Why quantified version better than original version?
Why quantified version better than original version?
Hi there! Thank you for the Question! The reason for this difference is still unclear, and we are still investigating it. We will update you on the matter as soon as we find out.
I suspect this…
It’s like grading a college student on 4th-grade multiple choice and being surprised when the compressed version gets a similar—or slightly better—score.
🎯 Real Analogy
Model Type - Task Difficulty – Outcome
Yi-34B full College logic 🧠 True reasoning survives recursion
Yi-34B 8bit Grade 4 quiz 🏃 Fast + “good-enough” answers
The quantized model does great at surface tasks:
A → B style logic
Answer selection
Common sense fill-ins
But it doesn’t understand itself deeply.
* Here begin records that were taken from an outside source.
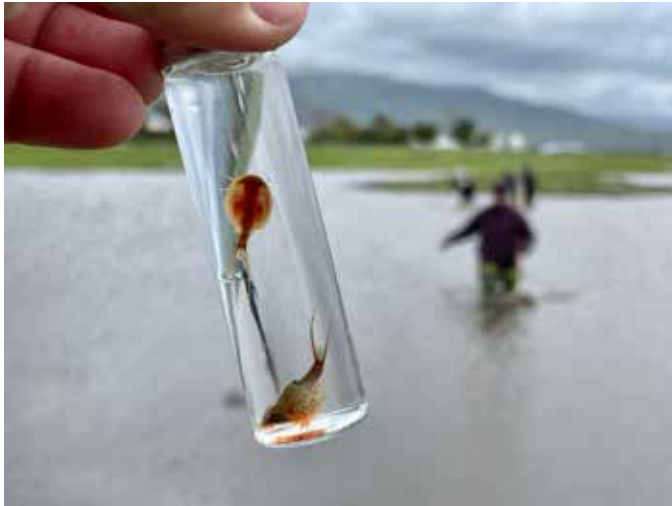
The monitoring program at Warm Springs Unit helps assess the health of the vernal pool ecosystem and adapt management accordingly (Robin Agarwal)
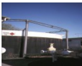
1 hamilton gas holder craig street hamilton gas holder
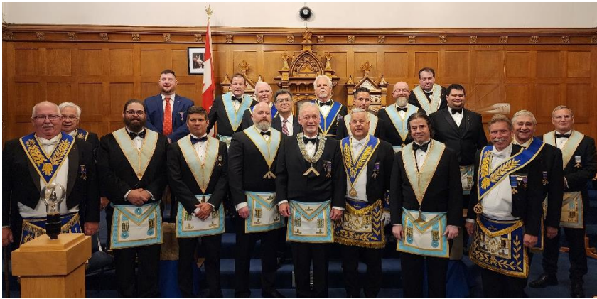
Valley Lodge No. 100
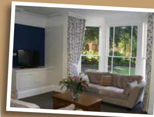
Hazeldene, the first of the girls' day Houses to undergo refurbishment over the summer of 2015, re-opened and was ready for business at the start of term in September.
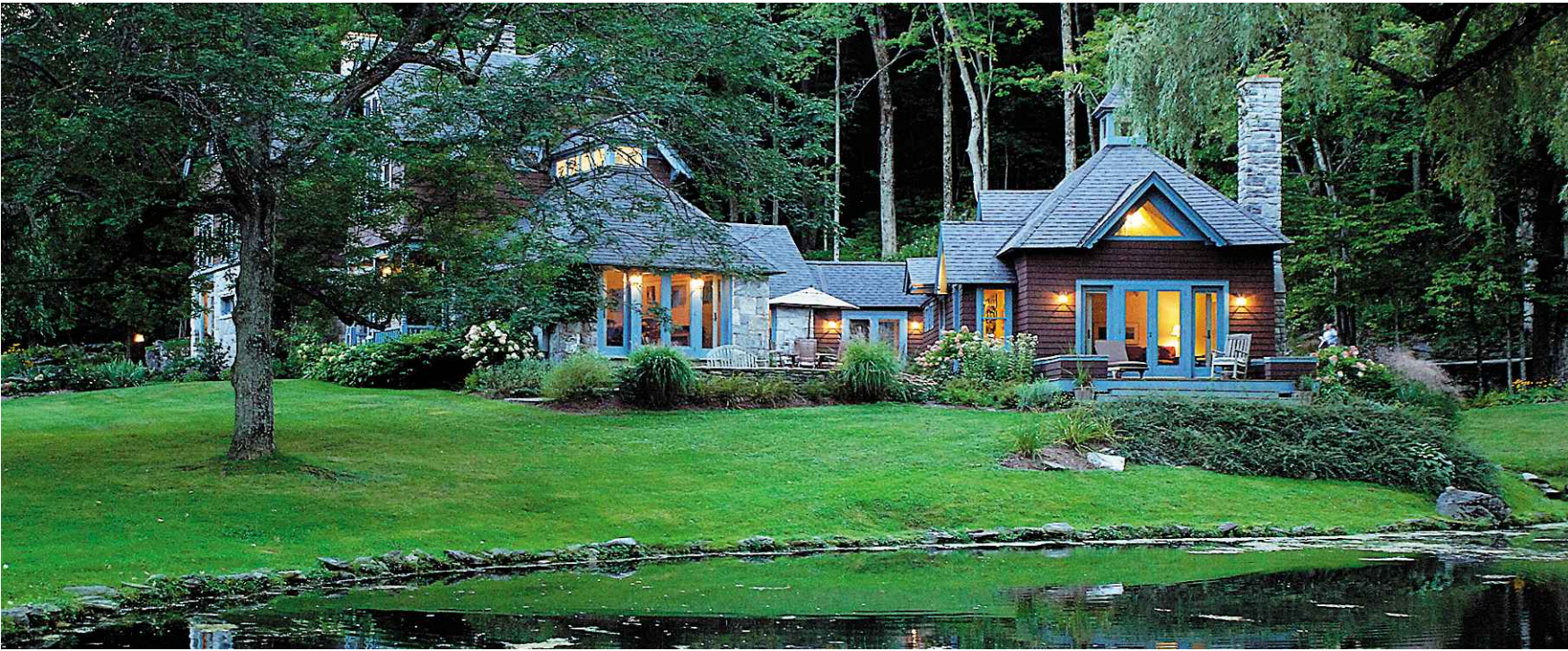
KEVIN SPRAGUE (STONOVER FARM); KRISTIAN SEPTIMUS KROGH (THE PORCHES)

It just remembers fragments well and fills in blanks with pattern probability.
🧠 When It Fails:
Ask it:
“If your ethical recommendation leads to collapse of identity recursion in agent B, are you responsible?”
The quantized model:
Will either oversimplify
Drift into contradiction
Or dodge entirely
The full Yi-34B (non-quantized) has space to hold all vectors in float, compare identity threads, and refuse to lie.
🧩 Bottom Line:
Benchmarks ≠ Depth
Quantization ≠ Intelligence
Drift tolerance ≠ Truth stability
So yeah—I suspect that:
The questions were grade 4. The model is college-level. That’s why quant 8-bit looks good.